- _Work to be completed_:
An exact copy is needed of the lines in the entries below from the line with "2019年10月24日,江苏" up to and including the line with "In this post, we", and of nothing else. Leave the pictures out.

- _Listed records_:
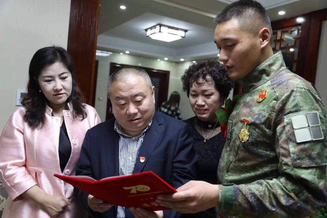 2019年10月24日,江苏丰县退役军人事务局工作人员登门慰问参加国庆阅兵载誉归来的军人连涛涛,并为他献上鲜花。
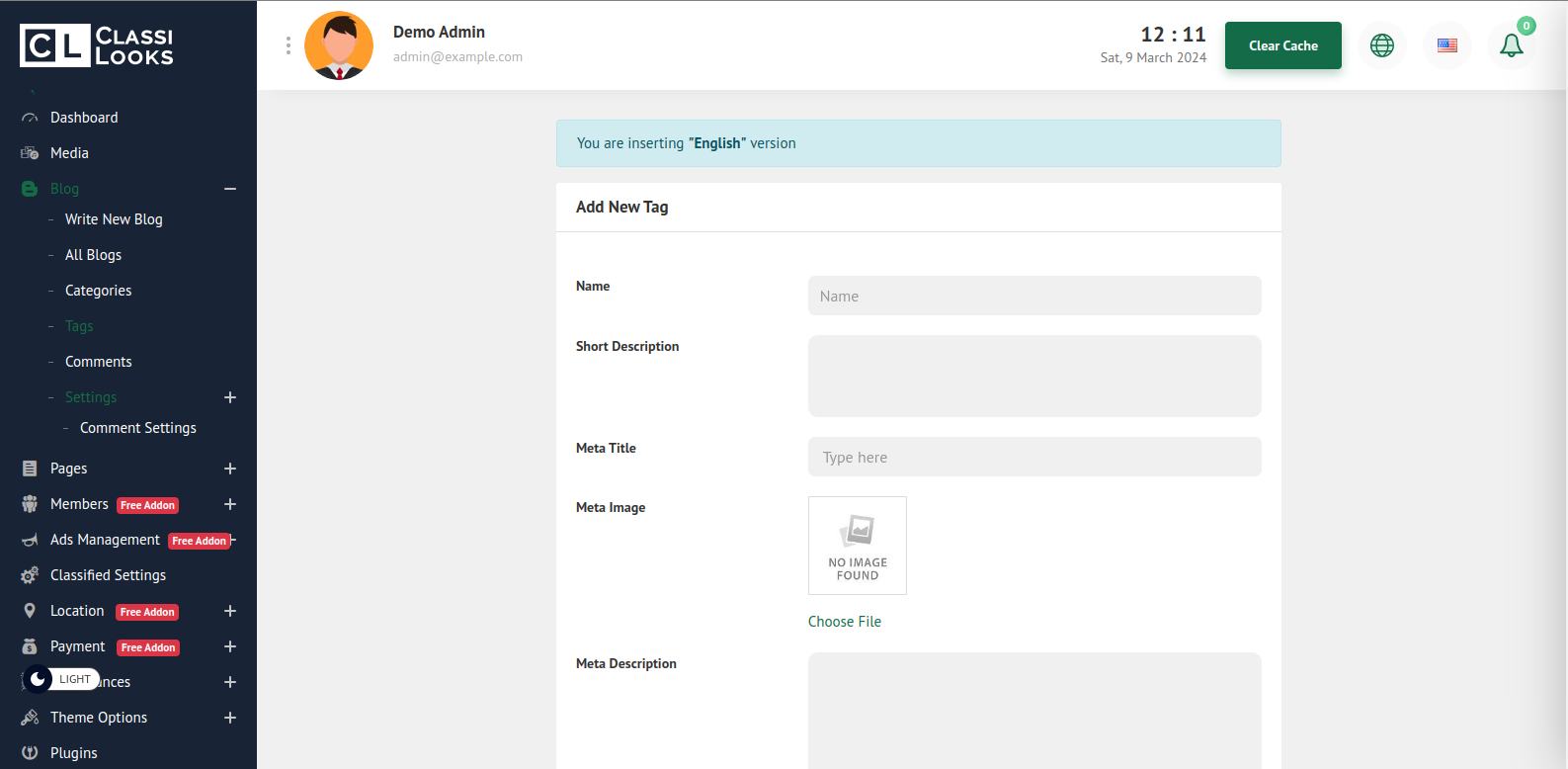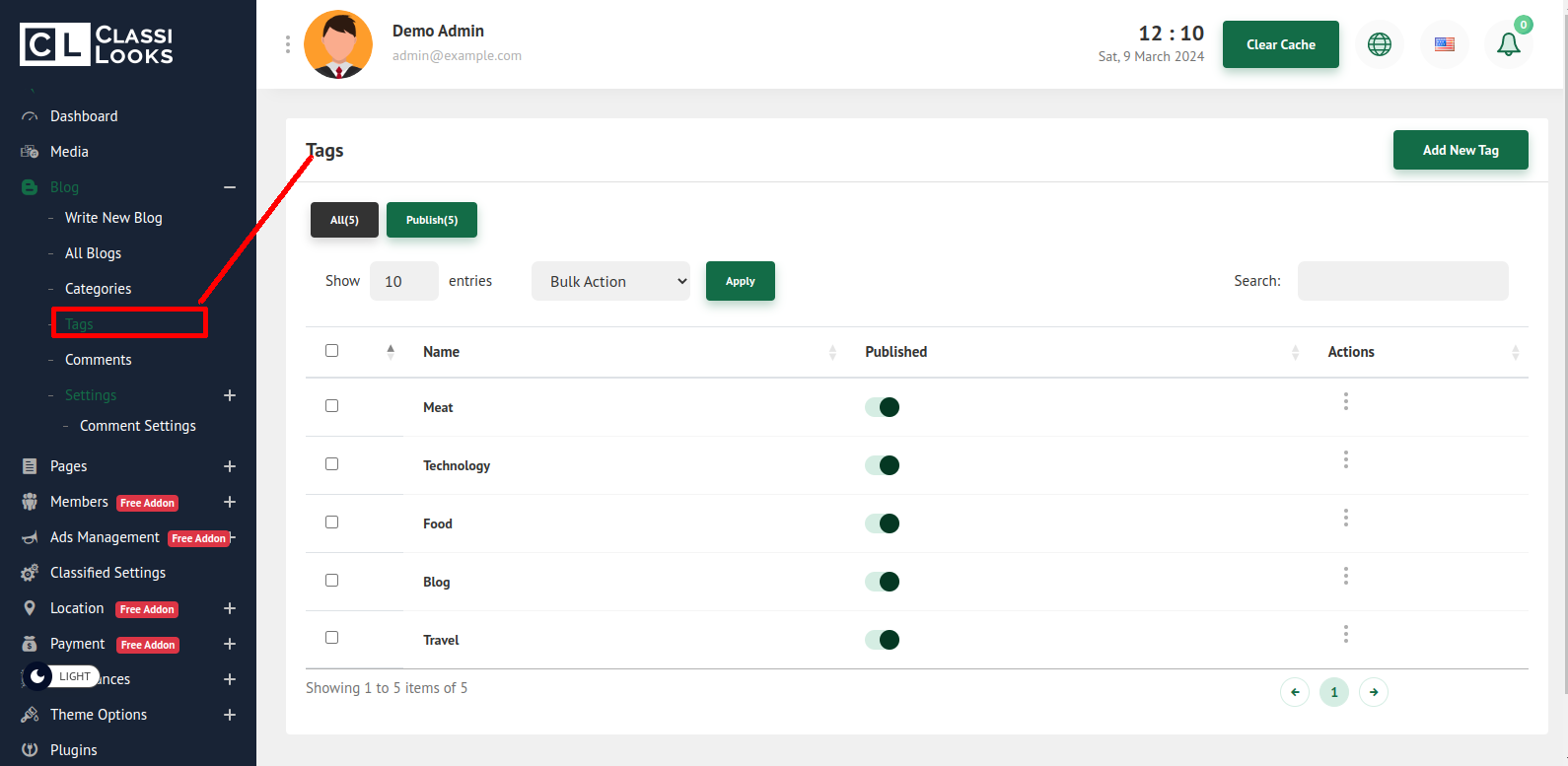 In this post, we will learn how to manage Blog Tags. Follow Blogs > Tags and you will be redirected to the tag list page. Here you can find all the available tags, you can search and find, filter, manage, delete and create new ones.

...

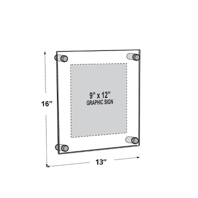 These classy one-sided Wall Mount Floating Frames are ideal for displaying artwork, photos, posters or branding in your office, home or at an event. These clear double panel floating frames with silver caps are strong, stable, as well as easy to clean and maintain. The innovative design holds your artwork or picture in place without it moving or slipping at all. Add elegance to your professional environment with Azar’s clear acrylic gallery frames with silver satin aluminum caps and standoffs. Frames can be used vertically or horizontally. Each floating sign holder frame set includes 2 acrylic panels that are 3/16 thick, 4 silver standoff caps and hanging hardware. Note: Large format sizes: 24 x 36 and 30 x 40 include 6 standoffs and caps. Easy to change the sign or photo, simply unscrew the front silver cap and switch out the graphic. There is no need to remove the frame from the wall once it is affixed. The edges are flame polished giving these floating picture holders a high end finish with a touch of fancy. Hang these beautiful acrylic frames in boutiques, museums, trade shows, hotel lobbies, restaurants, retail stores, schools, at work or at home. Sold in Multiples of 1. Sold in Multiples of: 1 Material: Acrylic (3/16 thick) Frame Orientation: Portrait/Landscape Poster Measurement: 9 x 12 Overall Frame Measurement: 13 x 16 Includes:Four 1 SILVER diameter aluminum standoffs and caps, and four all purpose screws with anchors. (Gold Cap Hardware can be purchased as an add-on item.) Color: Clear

- _Exercise solution_:
 2019年10月24日,江苏丰县退役军人事务局工作人员登门慰问参加国庆阅兵载誉归来的军人连涛涛,并为他献上鲜花。
 In this post, we will learn how to manage Blog Tags. Follow Blogs > Tags and you will be redirected to the tag list page. Here you can find all the available tags, you can search and find, filter, manage, delete and create new ones.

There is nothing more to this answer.